Ademais, assevera que:
[...] a parte final do caput do art. 59 do Código Penal conjuga a necessidade de reprovação com a prevenção do crime, fazendo, assim, com que se unifiquem as teorias absoluta e relativa, que se pautam, respectivamente, pelos critérios da retribuição e da prevenção. (GRECO, 2017, p. 622).
Pelo exposto, constata-se que a mencionada teoria aborda tanto o aspecto
preventivo, quanto punitivo do crime, unificando assim, a teoria absoluta e relativa,
bem como, sua aplicabilidade no caso concreto, consiste na análise de todo contexto
fático do crime e da conduta reprovável do autor, para imposição da penalidade dentro
do limite mínimo e máximo legalmente permitido.

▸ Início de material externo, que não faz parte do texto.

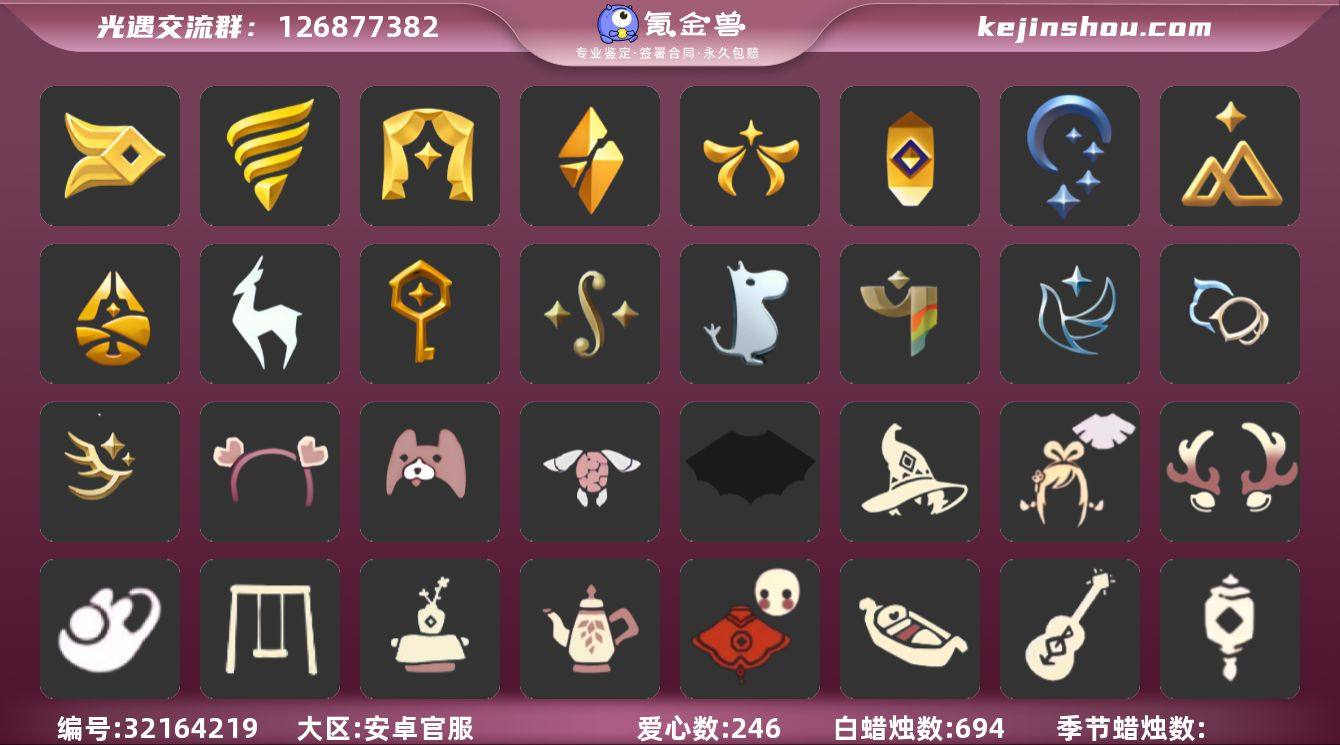账号类型: 邮箱账号 季节已毕业: 风行季,潜海季,表演季,破晓季,欧若拉季,夜行季,追忆季,拾光季,归巢季,九色鹿季,筑巢季,二重奏季,姆明季,彩染季,青鸟季,双星季,迁徙季 完成地图: 晨岛,云野,雨林,霞谷,暮土,禁阁 珍稀物品: 白枭,透明蝶翼斗,彩虹围巾 礼包: 蝙蝠套,巫师,绊爱,鹿角,兔子鞋,秋千,茶桌,茶壶,福娃,小船,吉他,灯笼,橘子,贝壳,黄伞,兔子,南瓜,枯角,雪花,水母,猫套,猫背饰,四叶草,新年耳钉,创始人,日光耳环,海龟斗篷,心心相印发饰礼包,小狗周年发饰 裤子: 武士裤,背带裤,搓澡巾,击剑裤,妮妮裙子,蓝绿裤,飞天裤,筑巢季·裤子,青鸟尊贵蓬头裤子 面具: 呼吸面具,夜行毕业面具,黄眉企鹅面具,辉光羚羊面具 面饰: 红耳机,黑框眼镜,青鸟毕业面饰 项链: 围巾 发型: 归巢毕业发型,若笠,虚荣,单侧绑发,留辫蘑菇头,飞天盘发 头饰: 羽毛发饰,牛仔帽,蓝色音乐会,平顶帽 斗篷: 海洋斗,绿芽,粉红绒毛斗篷,遥鲲斗篷,燕尾斗篷,冥龙斗篷,彩染围巾斗篷,青鸟毕业斗篷 配饰: 雨伞,筑巢季·小手办,高音钢琴,姆明抱枕,小红伞,相机,二重奏挂画,鲲灯 亮点: 【优质装备】:表演季,白枭(帝企鹅发),武士裤,风行季,潜海季,破晓季,透明蝶翼斗,欧若拉季(欧若拉),归巢毕业发型(五塑彩羽发),羽毛发饰(多羽发...
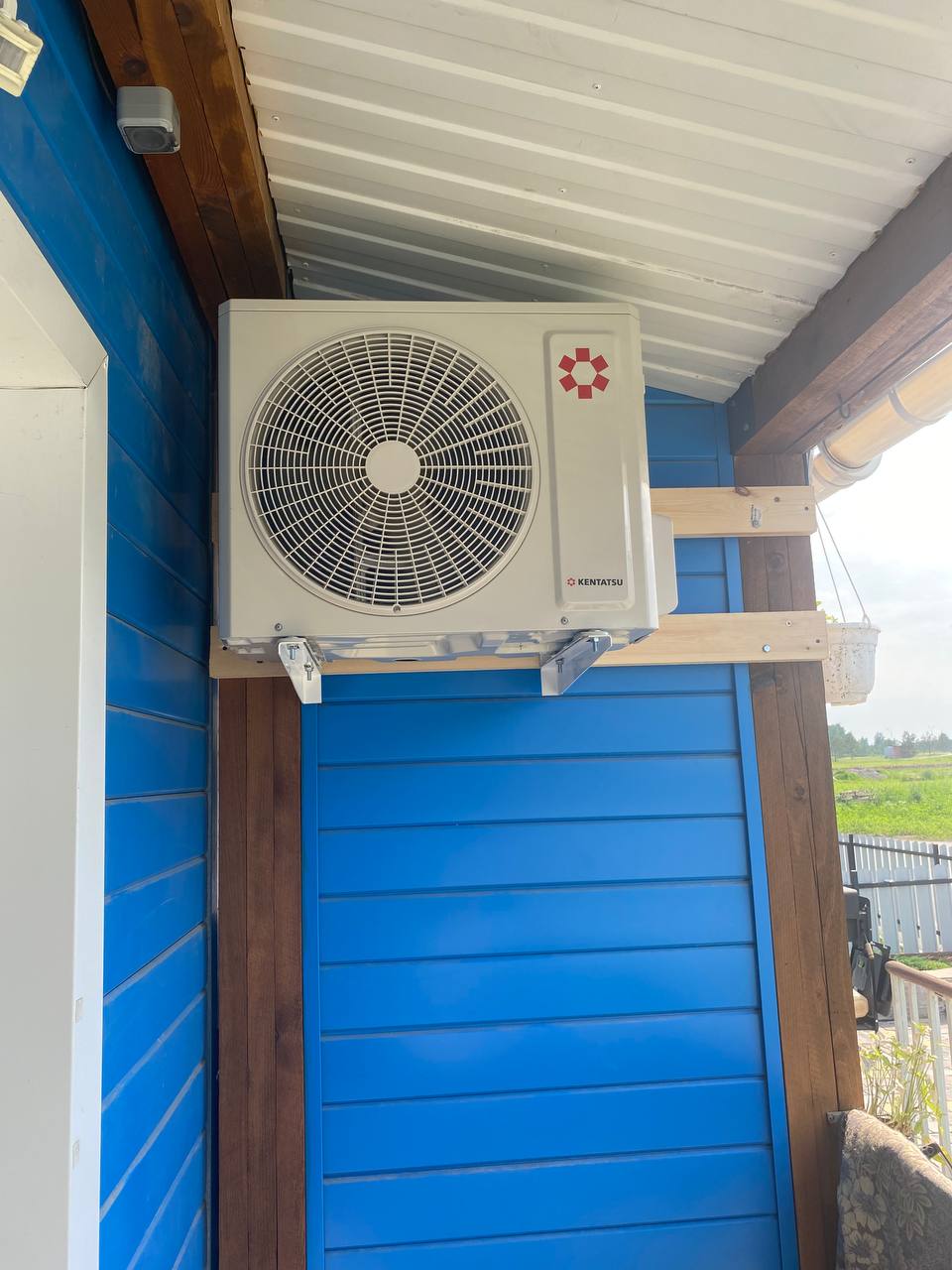 Внешний блок кондиционера Kentatsu Thibo 35 был установлен на внешней стене второго этажа. Для этого потребовалось укрепить крепления и обеспечить надежное крепление блока, учитывая вес и возможные вибрации. Особое внимание уделили защите от атмосферных воздействий и безопасности монтажа.
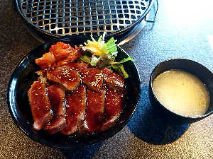 日高こんぶ配合のエサを食べて育った黒毛和牛で、こぶ黒とのこと 焼肉丼1300円でご飯大盛り無料大満足
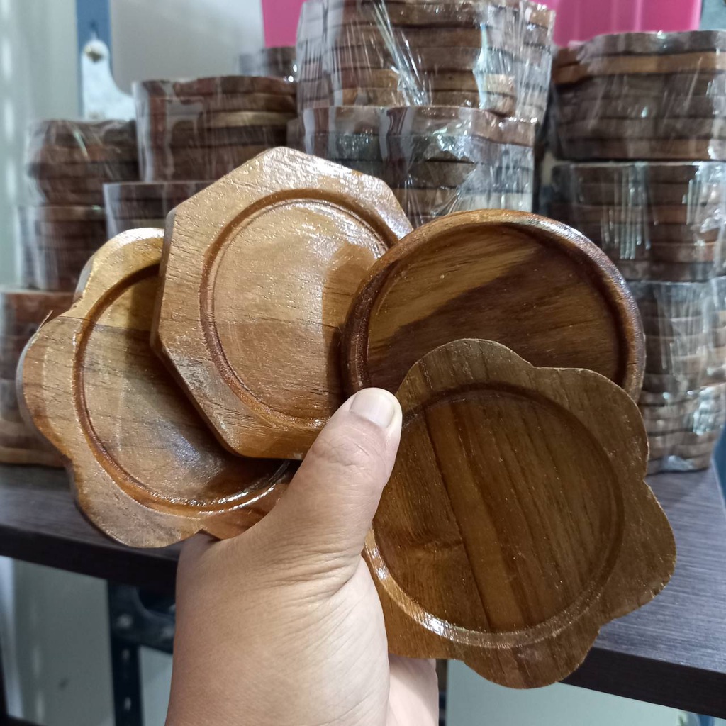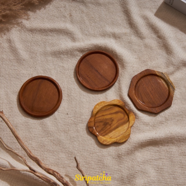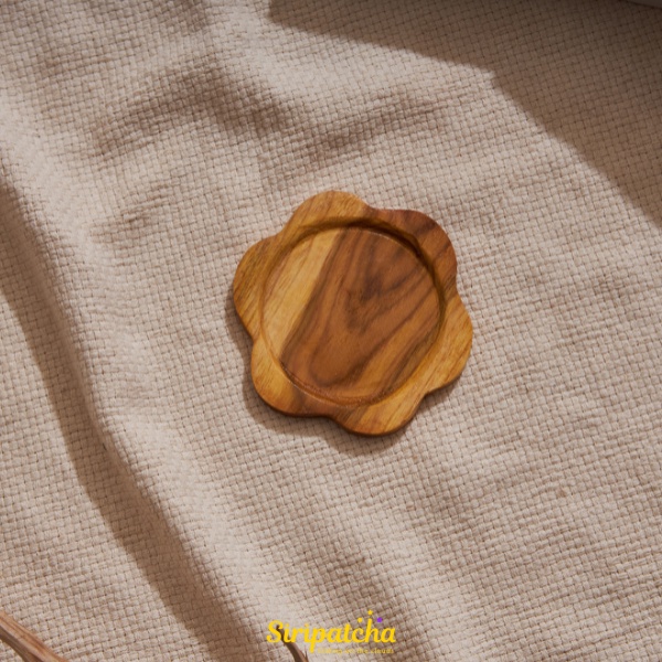 Siripatcha จานรองแก้วมินิมอล ไม้สักแท้ จ.แพร่ SA06
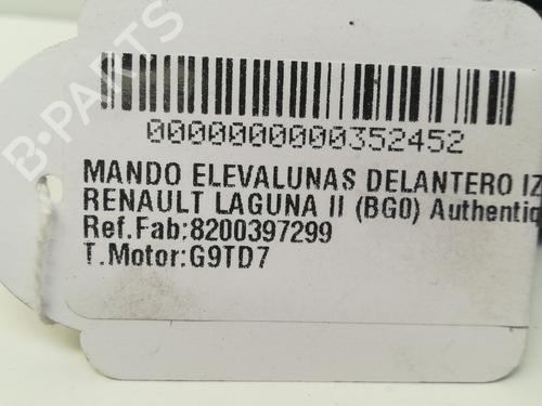 Left front window switch RENAULT LAGUNA II (BG0/1_) is a unique original used part with the reference 8200397299 | and with the article's id BP13313706I27
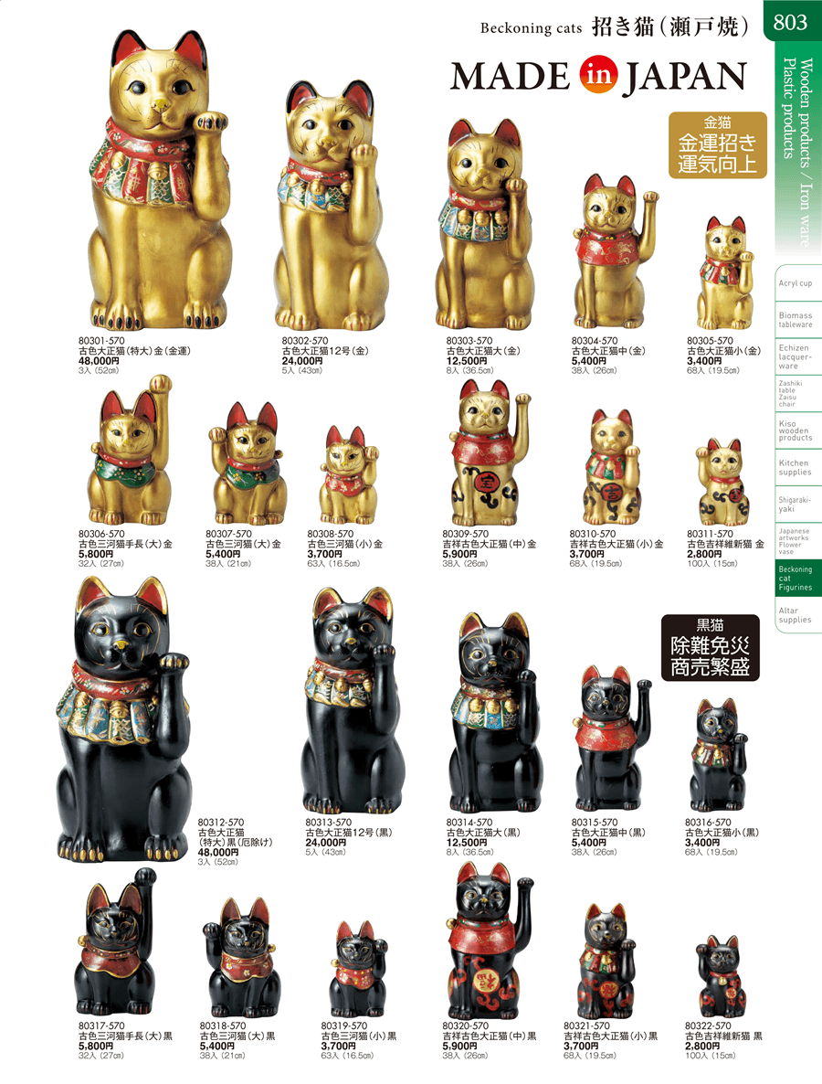 | 80322-570 | 古色吉祥維新猫 黒 | 上代 2,800円(税抜) 卸値 1,541円(税抜) (45%OFF) | ||
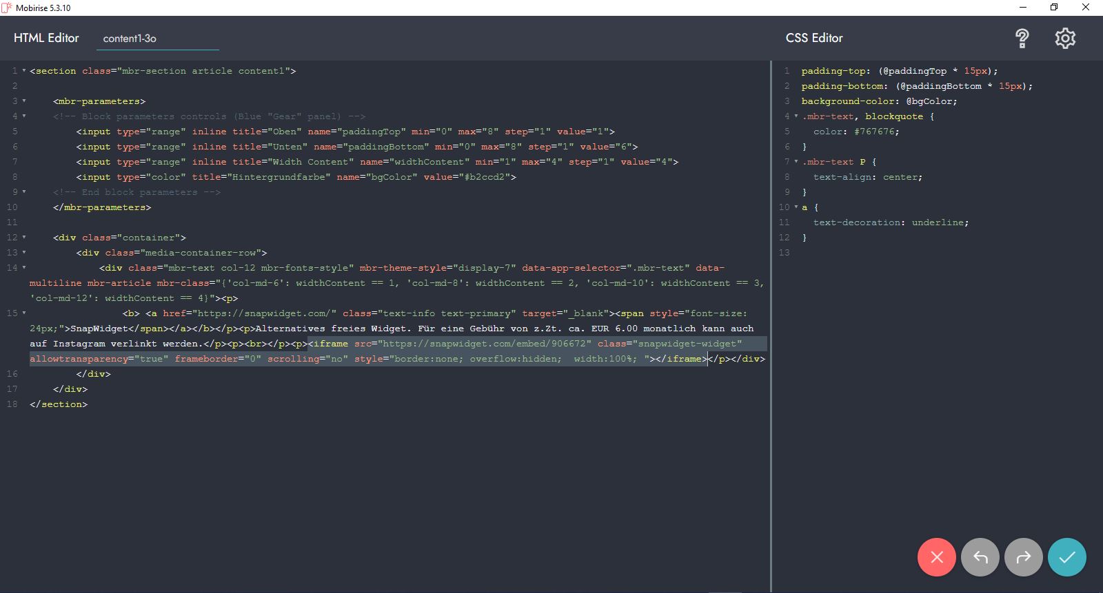 Was hast Du denn für einen Mobirise-Block aus welchem Mobirise-Thema verwendet? Zeige auch mal einen Screenshot von Deinem Einbau.

Há, entretanto, uma segunda corrente que entende que o Código Penal, não
se pronunciou sobre qual teoria adotada.
Ainda sobre o tema, observa-se:
O Código Penal não se pronunciou sobre qual teoria adotou, mas modernamente entende-se que a pena tem tríplice finalidade (polifuncional): (A) retributiva; (B) Preventiva; (C) reeducativa, cada uma dessas identificada em um momento próprio e específico (CUNHA, 2016, p. 397-398).
Tal corrente, entende que existe o momento da pena em abstrato, que é quando
17
o legislador cria o crime, impondo-lhe uma sanção penal, estabelecendo os
parâmetros mínimo e máximo da pena, posteriormente vem a aplicação da pena,
quando é praticado o crime e, por fim, a etapa da execução penal, ou seja, presente
tríplice finalidade da pena (CUNHA, 2016).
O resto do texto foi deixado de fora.